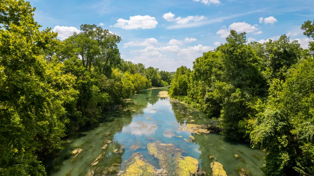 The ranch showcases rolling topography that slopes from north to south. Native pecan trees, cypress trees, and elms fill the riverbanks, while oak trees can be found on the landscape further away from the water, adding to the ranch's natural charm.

------------------------------------------------------------------------

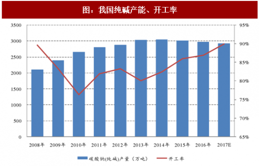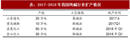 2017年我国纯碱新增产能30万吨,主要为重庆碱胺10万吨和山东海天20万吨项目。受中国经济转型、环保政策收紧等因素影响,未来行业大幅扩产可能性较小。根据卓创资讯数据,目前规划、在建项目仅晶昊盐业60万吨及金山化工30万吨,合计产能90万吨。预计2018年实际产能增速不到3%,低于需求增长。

------------------------------------------------------------------------

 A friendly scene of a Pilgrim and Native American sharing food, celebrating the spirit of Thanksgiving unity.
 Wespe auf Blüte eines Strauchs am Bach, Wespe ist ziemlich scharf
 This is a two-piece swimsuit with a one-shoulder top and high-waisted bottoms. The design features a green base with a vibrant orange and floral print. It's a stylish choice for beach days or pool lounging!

------------------------------------------------------------------------

Beginning with the line containing "A friendly scene" and ending with the line containing "This is a two-piece", extract those lines exactly from the listing above, and only those.

 A friendly scene of a Pilgrim and Native American sharing food, celebrating the spirit of Thanksgiving unity.
 Wespe auf Blüte eines Strauchs am Bach, Wespe ist ziemlich scharf
 This is a two-piece swimsuit with a one-shoulder top and high-waisted bottoms. The design features a green base with a vibrant orange and floral print. It's a stylish choice for beach days or pool lounging!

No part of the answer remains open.